Ten-year-old fifth grader Levi Mussulman said he emailed Permian High School counselor Leslie Gillian and ECISD Superintendent Scott Muri about the sock drive.

Garcia said the students also have contacted University of Texas Permian Basin and Odessa College. A UTPB professor shared it with all of her students and she added that several teachers in ECISD have responded and said that they’re going to send out the word to their students and let her know when they have the socks collected.

Garcia said the amount of attention this project has received has surprised her because their previous ones hadn’t gotten as much of a spotlight.

Fifth graders Bella Fortune, 10, left, Levi Mussulman, 10, center, and Corley Howard, 11, pose for a photo with their crazy sock donation box Wednesday morning at Hays Steam Academy. They will be donating all the socks to Team Mal in Georgia and they will give them to children’s hospitals in honor of Mallory Smith. The class will also celebrate with a pizza party if they meet the goal of 750 pairs. (Jacob Ford|Odessa American)

When they decided on the project, Garcia said the students did research on how to design a flyer, what Wilson disease is, learned how to email professionally and call different people in the district.

“Corley had to learn that it’s scary to have your voice up there on the loudspeaker. Even though nobody’s looking at you, she realized that that was a big difference so we’ve had to work on our speaking skills. But the biggest thing was that they’ve taken the lead completely. I had several ideas lined up that might match what they wanted to do. And so when they said hospitals and children I thought oh, here’s this idea, but they didn’t just say, ‘Oh yeah.’ They wanted to know about it; they wanted to know what the impact was going to be. … It was more than just me saying, ‘Hey guys, y’all are going to do this project. …,’” Garcia said.

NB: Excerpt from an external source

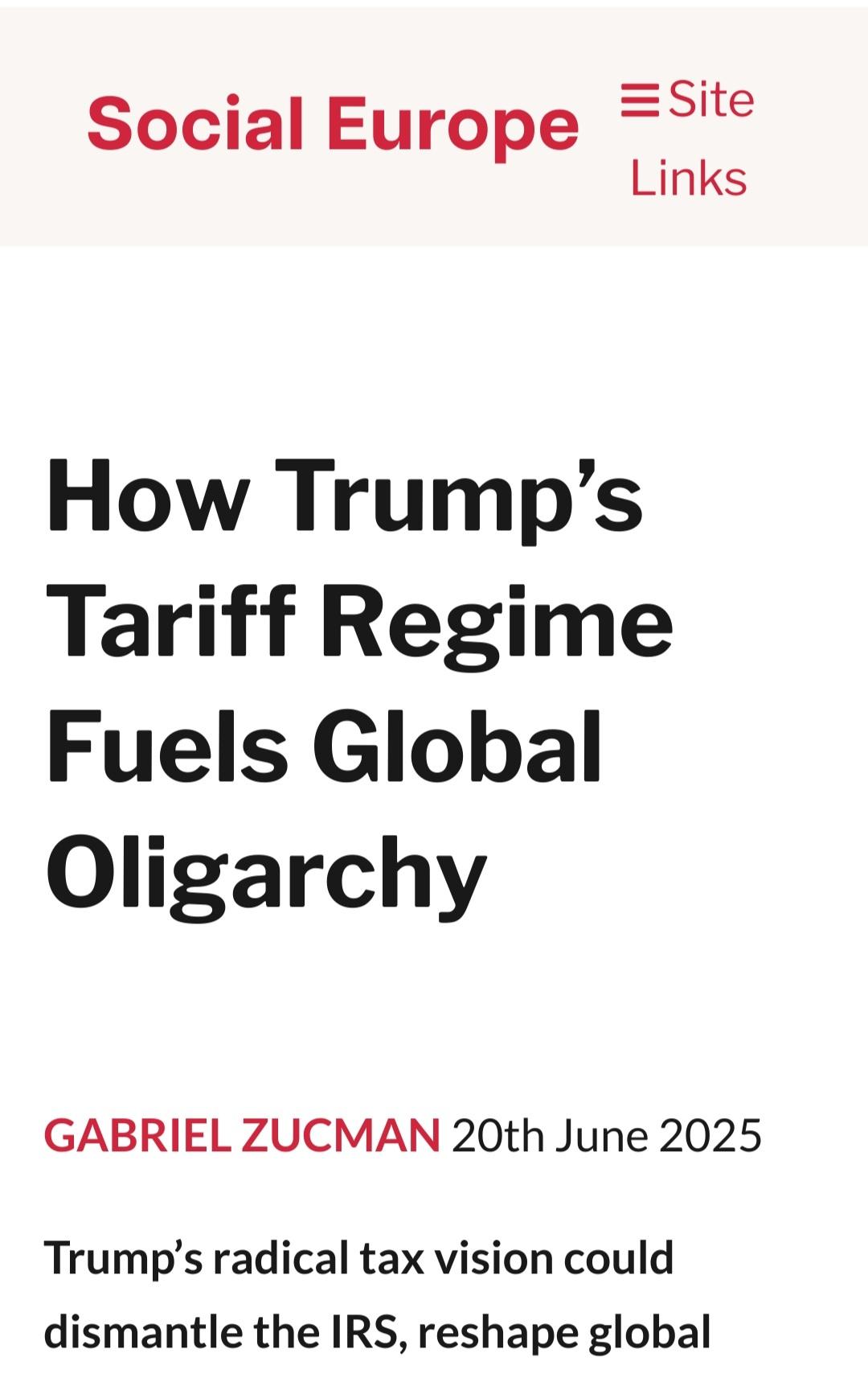 Lästips för alla som önskar tänka om en bättre värld. 🌹 https://www.socialeurope.eu/how-trumps-tariff-regime-fuels-global-oligarchy

She said she thought maybe the students would be tired of community service projects, but it wasn’t the case with this one.

“… They really have a grasp of this one and taken such charge with it. I think it’s great that it’s gotten so much attention, because it just goes to show them that they can help outside of Texas. They can help outside of Odessa and they really are leading the change as students and they are making a difference,” Garcia said.

She added that when Mallory was young, she was a cheerleader, “a normal high school student.”

“Then she started getting sick and they found out she had Wilson disease. Wilson disease is kind of you find out (about) when it’s too late; you already need help. She actually had a liver transplant and so her parents advocate a lot for organ donations, and they also advocate for her. They created a scholarship fund for … college so we’ve been able to talk as a class about scholarship funds and how that works. … Every year they collect donations for socks, so they have sock drives as well and they donate socks in honor of her to the children’s hospital. They are thrilled and they are so excited. Brooks Landgraf retweeted us on Twitter. He retweeted the flyer, so I got to share that news with them. They think it’s amazing that it’s spread this far, all the way to Texas, and they have so many people there that are excited to see the attention it’s getting,” Garcia said.

The Smiths have a Facebook page called Pay it Forward and they collect donations for the scholarship fund and sock drive. Garcia said they do other things, too, but those are the two main projects.

“I feel really proud because our class has come a long way since like the first day of school,” Fortune said. “And I’m pretty sure that the story behind the donation has really impacted on the way we think about the community service project and made us work harder for helping other people.”

Howard said what impacted her most was how Mallory, even in the hospital, didn’t just think about herself. She thought about other children in hospitals and wanted to bring socks to them to cheer them up.

“I think it made me think more about how we treat people because she could have just not talked to any of those people or just stayed in her hospital room, but she wanted to make them happy before she passed away,” Howard said.